- [What is expected] Through the line that contains "Across the lower", return the data below exactly, starting at its first line; leave the rest out.

- [Records]
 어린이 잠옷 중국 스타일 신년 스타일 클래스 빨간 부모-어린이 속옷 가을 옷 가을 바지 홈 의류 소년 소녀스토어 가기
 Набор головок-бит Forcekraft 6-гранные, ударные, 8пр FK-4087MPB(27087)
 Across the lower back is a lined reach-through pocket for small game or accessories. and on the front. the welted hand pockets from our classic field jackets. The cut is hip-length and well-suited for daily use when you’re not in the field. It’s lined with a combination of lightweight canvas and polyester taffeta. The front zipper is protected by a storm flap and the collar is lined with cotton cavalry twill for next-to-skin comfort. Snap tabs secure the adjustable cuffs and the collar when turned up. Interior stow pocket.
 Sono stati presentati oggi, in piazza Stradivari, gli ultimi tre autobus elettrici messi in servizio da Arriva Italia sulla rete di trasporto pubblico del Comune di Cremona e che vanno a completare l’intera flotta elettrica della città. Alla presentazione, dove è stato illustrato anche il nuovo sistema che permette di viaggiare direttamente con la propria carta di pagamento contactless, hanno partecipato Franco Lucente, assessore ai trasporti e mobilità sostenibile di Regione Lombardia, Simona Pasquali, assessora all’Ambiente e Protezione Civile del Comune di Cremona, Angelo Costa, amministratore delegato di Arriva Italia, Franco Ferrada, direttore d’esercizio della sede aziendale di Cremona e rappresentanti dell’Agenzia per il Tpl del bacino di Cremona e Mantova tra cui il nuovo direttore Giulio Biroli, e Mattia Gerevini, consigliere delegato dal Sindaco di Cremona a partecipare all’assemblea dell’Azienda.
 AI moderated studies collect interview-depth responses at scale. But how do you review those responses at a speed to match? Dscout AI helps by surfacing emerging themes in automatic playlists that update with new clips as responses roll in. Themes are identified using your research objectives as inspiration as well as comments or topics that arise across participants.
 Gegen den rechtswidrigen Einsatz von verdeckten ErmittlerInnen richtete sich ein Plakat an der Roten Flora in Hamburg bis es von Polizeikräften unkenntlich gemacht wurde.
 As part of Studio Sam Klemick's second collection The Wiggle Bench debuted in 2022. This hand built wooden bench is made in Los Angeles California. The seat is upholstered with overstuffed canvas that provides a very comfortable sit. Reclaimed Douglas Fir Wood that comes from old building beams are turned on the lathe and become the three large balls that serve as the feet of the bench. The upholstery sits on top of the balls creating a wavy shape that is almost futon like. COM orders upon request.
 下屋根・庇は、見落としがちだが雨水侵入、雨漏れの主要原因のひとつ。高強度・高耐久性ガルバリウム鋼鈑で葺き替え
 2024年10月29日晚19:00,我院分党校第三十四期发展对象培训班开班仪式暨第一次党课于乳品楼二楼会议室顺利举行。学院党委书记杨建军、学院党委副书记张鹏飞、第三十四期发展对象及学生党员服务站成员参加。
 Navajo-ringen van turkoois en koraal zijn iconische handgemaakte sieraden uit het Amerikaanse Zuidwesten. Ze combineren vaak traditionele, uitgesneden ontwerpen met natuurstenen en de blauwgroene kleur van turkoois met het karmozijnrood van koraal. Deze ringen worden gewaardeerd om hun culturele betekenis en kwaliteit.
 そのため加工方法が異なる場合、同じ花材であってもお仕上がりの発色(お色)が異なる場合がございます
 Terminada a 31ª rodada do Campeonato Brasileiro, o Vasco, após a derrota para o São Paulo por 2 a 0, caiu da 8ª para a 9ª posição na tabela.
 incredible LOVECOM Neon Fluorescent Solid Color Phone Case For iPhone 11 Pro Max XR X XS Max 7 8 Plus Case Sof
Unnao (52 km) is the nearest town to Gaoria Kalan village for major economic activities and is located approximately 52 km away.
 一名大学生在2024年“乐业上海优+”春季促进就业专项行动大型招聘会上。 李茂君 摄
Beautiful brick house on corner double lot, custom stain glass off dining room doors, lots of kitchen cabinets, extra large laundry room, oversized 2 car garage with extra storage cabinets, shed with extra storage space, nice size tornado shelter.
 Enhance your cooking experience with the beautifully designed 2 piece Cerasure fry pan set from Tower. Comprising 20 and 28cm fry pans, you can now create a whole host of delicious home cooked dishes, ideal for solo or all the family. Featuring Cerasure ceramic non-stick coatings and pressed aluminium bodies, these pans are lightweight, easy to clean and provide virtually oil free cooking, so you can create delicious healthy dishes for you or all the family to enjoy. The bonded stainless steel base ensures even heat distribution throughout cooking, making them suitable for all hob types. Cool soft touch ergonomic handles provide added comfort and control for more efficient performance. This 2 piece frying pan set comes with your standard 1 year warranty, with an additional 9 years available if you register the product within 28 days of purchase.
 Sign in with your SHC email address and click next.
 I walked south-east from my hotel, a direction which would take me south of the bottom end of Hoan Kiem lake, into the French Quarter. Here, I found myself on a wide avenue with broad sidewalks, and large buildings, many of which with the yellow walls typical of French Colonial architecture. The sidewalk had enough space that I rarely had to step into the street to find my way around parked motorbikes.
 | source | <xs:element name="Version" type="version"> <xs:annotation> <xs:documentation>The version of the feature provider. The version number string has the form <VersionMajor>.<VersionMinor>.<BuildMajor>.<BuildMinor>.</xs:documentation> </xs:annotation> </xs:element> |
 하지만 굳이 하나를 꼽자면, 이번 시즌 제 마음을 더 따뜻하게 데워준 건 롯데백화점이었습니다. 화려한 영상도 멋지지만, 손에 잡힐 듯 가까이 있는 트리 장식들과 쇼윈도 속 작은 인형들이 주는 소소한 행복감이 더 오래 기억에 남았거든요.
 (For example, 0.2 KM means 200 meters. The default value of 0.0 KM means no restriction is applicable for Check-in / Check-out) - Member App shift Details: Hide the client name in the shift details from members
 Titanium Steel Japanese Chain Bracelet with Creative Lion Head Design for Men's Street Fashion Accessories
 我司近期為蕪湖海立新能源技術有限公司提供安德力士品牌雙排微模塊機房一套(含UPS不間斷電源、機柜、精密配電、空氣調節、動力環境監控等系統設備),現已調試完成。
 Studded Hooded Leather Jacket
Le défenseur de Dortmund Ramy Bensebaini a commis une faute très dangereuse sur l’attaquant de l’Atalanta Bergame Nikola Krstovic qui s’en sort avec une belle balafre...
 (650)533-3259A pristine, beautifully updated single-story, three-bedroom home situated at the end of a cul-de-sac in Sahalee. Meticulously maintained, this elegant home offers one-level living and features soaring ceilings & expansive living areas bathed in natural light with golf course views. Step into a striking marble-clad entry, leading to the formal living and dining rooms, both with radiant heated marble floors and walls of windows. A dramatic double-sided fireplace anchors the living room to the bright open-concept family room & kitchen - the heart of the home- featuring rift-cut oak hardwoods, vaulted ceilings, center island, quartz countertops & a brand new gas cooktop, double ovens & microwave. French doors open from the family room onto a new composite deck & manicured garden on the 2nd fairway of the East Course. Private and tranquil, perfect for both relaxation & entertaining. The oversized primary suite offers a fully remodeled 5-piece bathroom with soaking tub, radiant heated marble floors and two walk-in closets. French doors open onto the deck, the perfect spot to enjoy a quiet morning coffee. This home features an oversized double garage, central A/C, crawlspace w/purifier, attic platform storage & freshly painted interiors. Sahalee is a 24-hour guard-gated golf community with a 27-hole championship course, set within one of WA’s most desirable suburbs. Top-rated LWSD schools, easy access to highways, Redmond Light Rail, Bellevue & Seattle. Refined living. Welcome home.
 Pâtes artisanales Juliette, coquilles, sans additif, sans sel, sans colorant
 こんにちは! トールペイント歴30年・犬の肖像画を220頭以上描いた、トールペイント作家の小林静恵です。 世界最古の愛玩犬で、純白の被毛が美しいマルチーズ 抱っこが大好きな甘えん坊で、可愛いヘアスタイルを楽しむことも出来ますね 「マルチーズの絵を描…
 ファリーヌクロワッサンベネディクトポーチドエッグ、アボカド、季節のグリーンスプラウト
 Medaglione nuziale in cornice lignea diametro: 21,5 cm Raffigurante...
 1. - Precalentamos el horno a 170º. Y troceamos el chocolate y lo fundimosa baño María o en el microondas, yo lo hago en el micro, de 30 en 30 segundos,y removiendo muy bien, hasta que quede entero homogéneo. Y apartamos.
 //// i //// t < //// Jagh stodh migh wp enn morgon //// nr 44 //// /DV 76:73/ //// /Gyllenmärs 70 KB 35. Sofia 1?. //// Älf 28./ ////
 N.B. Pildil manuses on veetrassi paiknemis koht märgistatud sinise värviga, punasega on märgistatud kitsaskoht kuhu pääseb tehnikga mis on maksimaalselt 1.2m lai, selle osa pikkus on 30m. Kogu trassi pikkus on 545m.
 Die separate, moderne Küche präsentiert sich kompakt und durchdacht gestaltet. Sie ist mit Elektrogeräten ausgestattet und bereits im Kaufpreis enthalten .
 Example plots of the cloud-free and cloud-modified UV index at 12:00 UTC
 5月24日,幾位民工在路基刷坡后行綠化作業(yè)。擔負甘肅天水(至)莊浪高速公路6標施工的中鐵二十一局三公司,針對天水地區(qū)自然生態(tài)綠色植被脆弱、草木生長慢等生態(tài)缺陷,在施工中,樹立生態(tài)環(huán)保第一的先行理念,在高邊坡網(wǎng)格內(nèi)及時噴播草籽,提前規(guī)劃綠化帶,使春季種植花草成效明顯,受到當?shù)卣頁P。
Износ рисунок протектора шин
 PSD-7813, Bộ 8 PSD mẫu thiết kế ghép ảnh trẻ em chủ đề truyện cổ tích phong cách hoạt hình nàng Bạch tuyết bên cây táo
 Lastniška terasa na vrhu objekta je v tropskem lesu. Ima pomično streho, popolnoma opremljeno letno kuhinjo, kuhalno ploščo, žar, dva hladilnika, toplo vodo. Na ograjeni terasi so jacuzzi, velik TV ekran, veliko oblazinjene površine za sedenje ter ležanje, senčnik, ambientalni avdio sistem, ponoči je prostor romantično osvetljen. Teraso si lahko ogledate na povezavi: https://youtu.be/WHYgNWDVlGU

- [Response to this task]
 어린이 잠옷 중국 스타일 신년 스타일 클래스 빨간 부모-어린이 속옷 가을 옷 가을 바지 홈 의류 소년 소녀스토어 가기
 Набор головок-бит Forcekraft 6-гранные, ударные, 8пр FK-4087MPB(27087)
 Across the lower back is a lined reach-through pocket for small game or accessories. and on the front. the welted hand pockets from our classic field jackets. The cut is hip-length and well-suited for daily use when you’re not in the field. It’s lined with a combination of lightweight canvas and polyester taffeta. The front zipper is protected by a storm flap and the collar is lined with cotton cavalry twill for next-to-skin comfort. Snap tabs secure the adjustable cuffs and the collar when turned up. Interior stow pocket.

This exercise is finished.